Which may well be what Eddings himself was doing by writing the novel. I wouldn’t say I detect any regret about the treatment of the Eddings’ son—there’s pretty much nothing about children in the book, aside from references to the narrator’s own childhood, which clearly contained a certain amount of the sort of corporal punishment Eddings himself would have grown up with. (Jack’s kids get barely a mention, and neither adulterous Jack nor his equally adulterous wife seem to take much care of them, which can’t help feeling significant.) Instead, this is about Eddings backing himself out of a moral dead end and (presumably) deciding to live a more authentic, or upright, life from now on. It’s about Eddings himself, not what he did to someone else.
One strike that’s perhaps against it, is that there’s a certain amount of the sort of light but firm paternalistic moralising in High Hunt that I recognise from The Belgariad. Dan’s hippie girlfriend, who leaves off the political demonstrations, starts wearing a bra, and agrees to get married, as though she’s finally come to her senses, is one case in point: Eddings has always had something of the attitude that everyone will one day see the world as he thinks it should be and correct their wrong ways, and this makes me wonder a bit if he was fully capable of the moral self-evaluation you’d expect a year in prison to give him. High Hunt isn’t about regret for what he did, but a recognition of the bad path he was on, which isn’t quite the same thing, but is at least part of the way there.
In the piece linked to above, Gifford writes of how the revelation about Eddings’ crime cast a whole new light on The Belgariad, finding it to be “an impossible attempt at atonement, a desperately failed wish put to paper, and a tortuously painful digging out of his and his wife’s shame”. I hope that, ultimately, no atonement is impossible, but the sense I get is that the Eddings attempted to put what they did behind them (they certainly made sure to avoid the limelight once their fantasy novels were so successful, and perhaps part of that was fear of what might be dug up about them), and that any thoughts or feelings Eddings might have had about it would be deeply buried. But it would be interesting to give his break-through fantasy series a re-read, I have to say.
I was a bit older than you when I read the Belgariad, I think – either in my late teens or early twenties. I remember the series starting out strong, then getting steadily weaker. Plus that kind of fantasy isn’t my thing. So discovering what the Eddings had done (many moons later) wasn’t quite the hammer blow it might have been. I was amazed by how they hushed it up. That would be impossible today.
You talk about the similarities, but I was struck by how different this novel sounds from the Belgariad in terms of subject matter and characters. I also see some corollaries with The Deerhunter??
That weird narrative journey where a male American character tries to process his dysfunctional behaviour but in a particularly onanistic way is almost a trope by now. As usual, there’s no attempt to connect with your victims; the focus is on being a better person. Your victims are part of your past. The future is what matters.
I did find a review that compared High Hunt to The Deerhunter (it’s been a while since I’ve seen that film, so I can’t recall how similar the two are, apart from the title!).

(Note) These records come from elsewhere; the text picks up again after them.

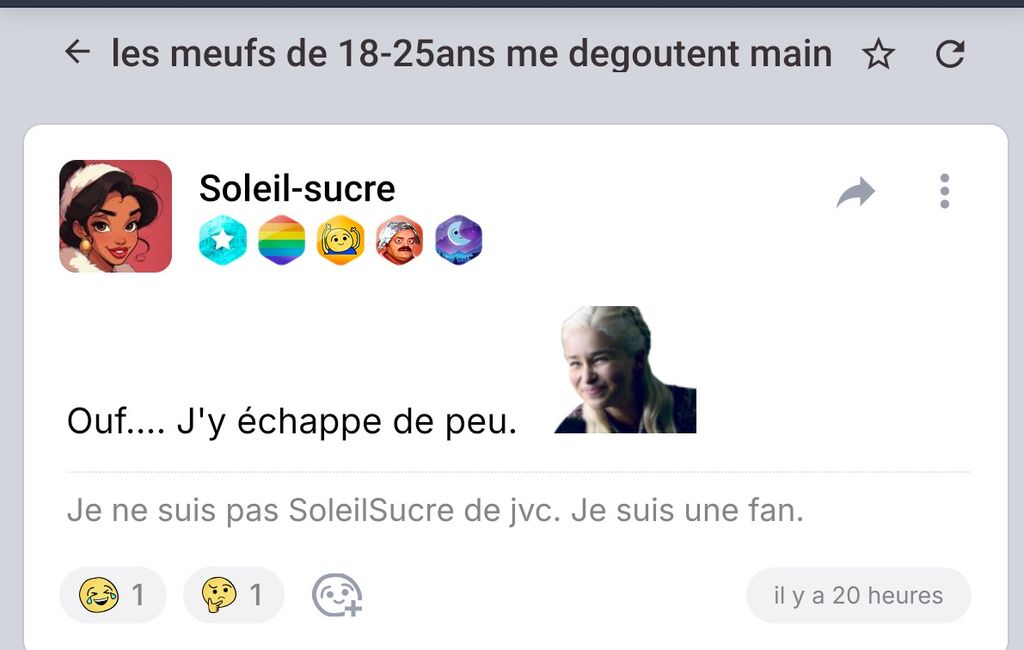 Je ne suis pas SoleilSucre de jvc. Je suis une fan.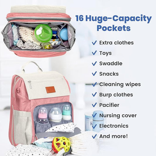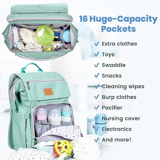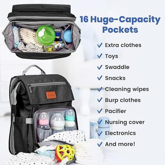 Baby Diaper Bag Backpack with Changing Station, Large Capacity, USB Port, Pacifier Case, Mosquito Net & Wipes Bag Stylish Travel Bag for Boys, Girls, Moms & Dads, Shower Gift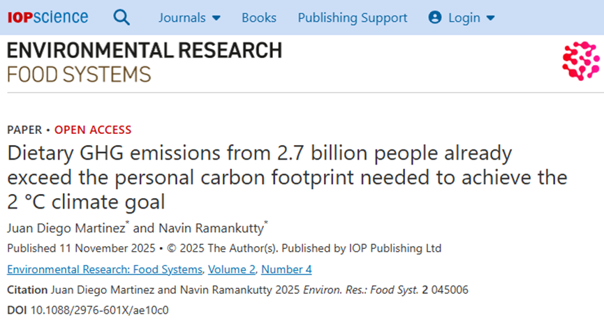 日前,不列颠哥伦比亚大学的研究团队在《环境研究:食物系统》期刊发表了一项重磅研究,结论令人警醒:全球已有27亿人的饮食相关温室气体排放,超出了将全球变暖控制在2℃以下所需的个人碳足迹上限。更关键的是,若不及时调整,到2050年,全球90%的人都需要改变现有饮食方式。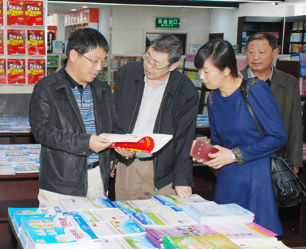 4月25日上午,新聞出版總署出版產(chǎn)業(yè)發(fā)展司副司長張亮一行,在河南省新聞出版局副局長王新會等局領導陪同下,先后來到發(fā)行集團公司旗下的新華天潤連鎖樣本大廳、中原圖書大廈,對2012年春季中小學教輔材料發(fā)行情況進行了調研。中原出版?zhèn)髅郊瘓F副總裁、發(fā)行集團公司董事長李永臻,發(fā)行集團公司總經(jīng)理林疆燕、黨委書記李向午等領導班子成員陪同視察。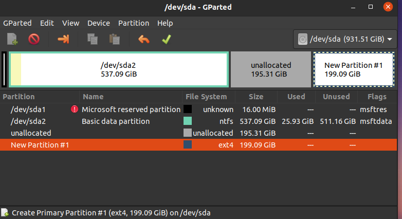 gparted에서 할당 되지 않은 저장공간에 오른쪽을 클릭하여 new를 눌러주고,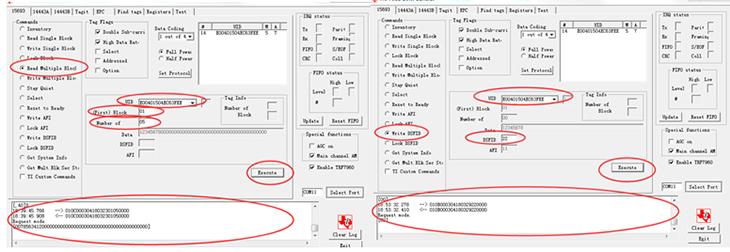 寻找单张、多张标签及标签总量 读写单个块操作 锁定标签块操作 读写多个块数据 设置标签进入静默状态 设置标签处于被选择状态 复位标签进入准备状态 向标签写应用标志位 锁定应用标志位 写数据存储格式标志位 锁定数据存储格式ID标志位 获取标签信息 获取多个块安全状态 |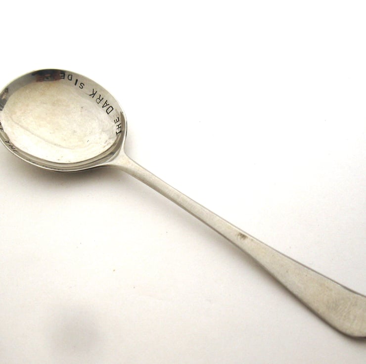 A hand stamped vintage nickel silver alloy fruit spoon with the words 'THE DARK SIDE' inside one edge of the bowl and the words 'OF THE SPOON' inside the opposite edge. It's a plain 'old english' style spoon measuring approximately 14cm long. Great for ice cream, puddings, or as a small soup or cereal spoon.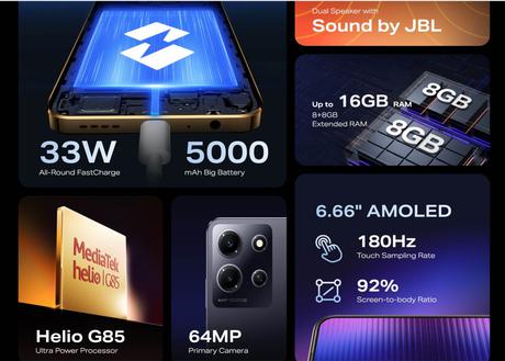 Infinix Note 30i - Helio G85, aparat 64 MP, głośniki stereo JBL i Android 13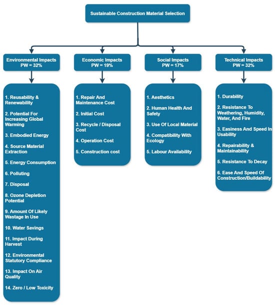 This study will assess the selection of sustainable construction materials from the perspectives of technical, economic, social, and environmental sustainability. In particular, innovative and advanced sustainable materials will be given greater emphasis on their technical impacts, which will increase their likelihood of being selected as preferred materials for sustainable construction in this study. There is a potential for academia to gain from systematically integrating the technical aspects with the commonly employed three pillars [46]. All identified criteria will be organized within these four categories.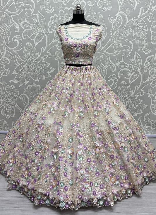 Trending Handwork Motif and Sequince Combine Designer Partywear Lehengacholi White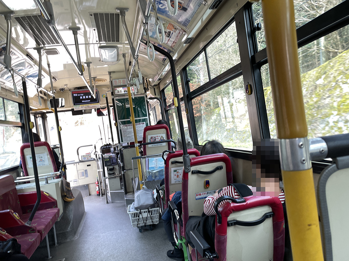土日のバスは1時間に4本あるのですが、13:51のバスは待っても待ってもやって来ず、2時を回って13:51のバスなのか、次の14:02のバスなのか分からないバスに乗り込み狭い谷を進みます。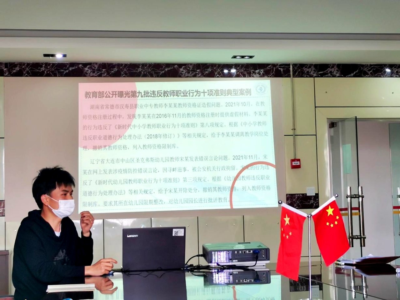 接下来,思政教师杨兴斌带领大家进行师德师风典型案例专题学习。杨老师围绕习近平总书记关于教育和师德师风的重要论述,通过重温《新时代高校教师职业行为十项准则》的内容、分享时代楷模黄大年先进事迹和违反教师职业行为十项准则典型案例,进一步强调师德师风的重要性。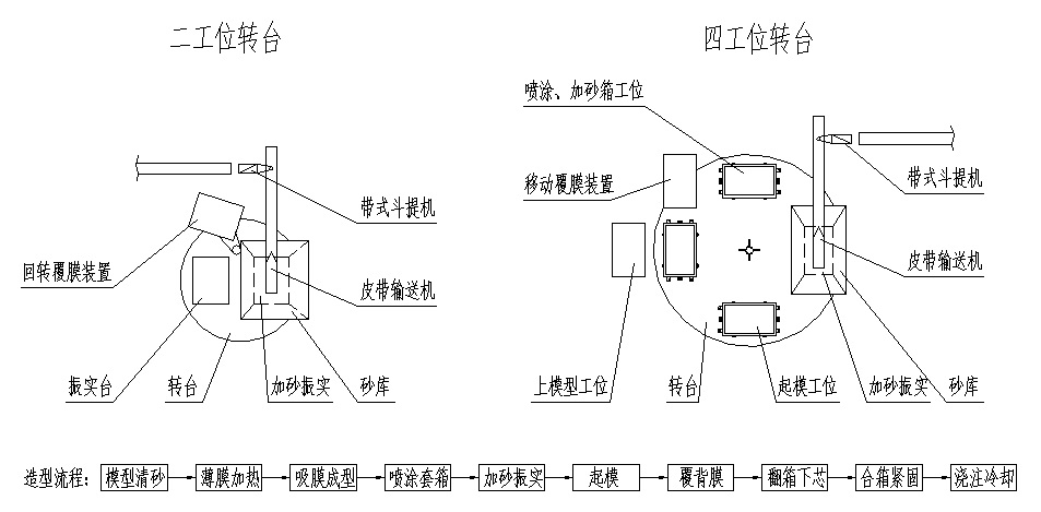 我公司設計的V法造型生產線,基本有五大系統組成,即造型系統,砂處理系統、真空系統,除塵系統、水循環系統組成。
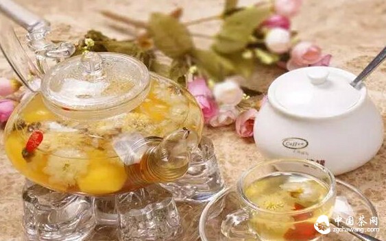 When brewing jasmine tea with boiling water, add five or six white chrysanthemum flowers. You can also add a few wolfberries (goji berries), which also nourish the liver and kidneys, to strengthen the eyesight-improving effect of the floral tea.

I think part of the hush-up was that Eddings’ wife changed her name. But he still included enough in his biographical info to place him in the town where it occurred. As you say, it would soon be discovered nowadays.
And, about your last point, there’s a feeling in that sort of narrative that what happened between perpetrator and victim is just a sort of event that both have to learn to deal with, rather than it being something one has a definite moral responsibility for, particularly where children are concerned.